[FFmpeg-devel] [PATCH] Add support for Audible AA files

Mon Jul 27 15:14:45 CEST 2015

Le nonidi 9 thermidor, an CCXXIII, Vesselin Bontchev a écrit :
> Hi!
> 
> This patch adds support for Audible AA files.
> 
> Audible samples can be obtained from,
> 
> https://gitlab.com/vesselin.bontchev/audible-samples/tree/master
> https://samples.ffmpeg.org/audible/
> 

> Currently, this code generates corrupt audio output (in some places, and deterministically).

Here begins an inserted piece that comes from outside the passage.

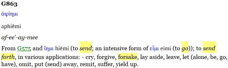 The word "left" comes from the Greek word "aphiemi" Strongs G#863 which means "To send forth or to forsake".

Does this happen with the Go and Python implementations too?

> 
> By posting this patch, I am hoping to get some early feedback, and help in making this work.
> 
> Thanks,
> Vesselin

> From ba73543efc3fdc4b5c61e9cb56f998d748716e00 Mon Sep 17 00:00:00 2001
> From: Vesselin Bontchev <vesselin.bontchev at yandex.com>
> Date: Sun, 19 Jul 2015 23:16:36 +0200
> Subject: [PATCH] Add support for Audible AA files
> 
> https://en.wikipedia.org/wiki/Audible.com#Quality
> ---
>  doc/demuxers.texi        |  10 ++
>  doc/general.texi         |   2 +
>  libavformat/Makefile     |   1 +
>  libavformat/aadec.c      | 381 +++++++++++++++++++++++++++++++++++++++++++++++
>  libavformat/allformats.c |   1 +
>  5 files changed, 395 insertions(+)
>  create mode 100644 libavformat/aadec.c
> 
> diff --git a/doc/demuxers.texi b/doc/demuxers.texi
> index e45e1af..df95233 100644
> --- a/doc/demuxers.texi
> +++ b/doc/demuxers.texi
> @@ -18,6 +18,16 @@ enabled demuxers.
>  
>  The description of some of the currently available demuxers follows.
>  
> + at section aa
> +
> +Audible Format 2, 3, and 4 demuxer.
> +
> +This demuxer is used to demux Audible Format 2, 3, and 4 (.aa) files.
> +
> + at example
> +ffmpeg -v debug -i input.aa -c:a copy output.wav
> + at end example
> +
>  @section applehttp
>  
>  Apple HTTP Live Streaming demuxer.
> diff --git a/doc/general.texi b/doc/general.texi
> index a260e79..2b782e0 100644
> --- a/doc/general.texi
> +++ b/doc/general.texi
> @@ -228,6 +228,8 @@ library:
>  @item 8088flex TMV              @tab   @tab X
>  @item AAX                       @tab   @tab X
>      @tab Audible Enhanced Audio format, used in audiobooks.
> + at item AA                        @tab   @tab X
> +    @tab Audible Format 2, 3, and 4, used in audiobooks.
>  @item ACT Voice                 @tab   @tab X
>      @tab contains G.729 audio
>  @item Adobe Filmstrip           @tab X @tab X
> diff --git a/libavformat/Makefile b/libavformat/Makefile
> index cc73fd8..8405f8d 100644
> --- a/libavformat/Makefile
> +++ b/libavformat/Makefile
> @@ -395,6 +395,7 @@ OBJS-$(CONFIG_RTSP_DEMUXER)              += rtsp.o rtspdec.o httpauth.o \
>  OBJS-$(CONFIG_RTSP_MUXER)                += rtsp.o rtspenc.o httpauth.o \
>                                              urldecode.o
>  OBJS-$(CONFIG_SAMI_DEMUXER)              += samidec.o subtitles.o
> +OBJS-$(CONFIG_AA_DEMUXER)                += aadec.o
>  OBJS-$(CONFIG_SAP_DEMUXER)               += sapdec.o
>  OBJS-$(CONFIG_SAP_MUXER)                 += sapenc.o
>  OBJS-$(CONFIG_SBG_DEMUXER)               += sbgdec.o
> diff --git a/libavformat/aadec.c b/libavformat/aadec.c
> new file mode 100644
> index 0000000..bd994e8
> --- /dev/null
> +++ b/libavformat/aadec.c
> @@ -0,0 +1,381 @@
> +/*
> + * Audible AA demuxer
> + * Copyright (c) 2015 Vesselin Bontchev
> + *

> + * Inspired by https://github.com/jteeuwen/audible, and
> + * https://code.google.com/p/pyaudibletags/source projects.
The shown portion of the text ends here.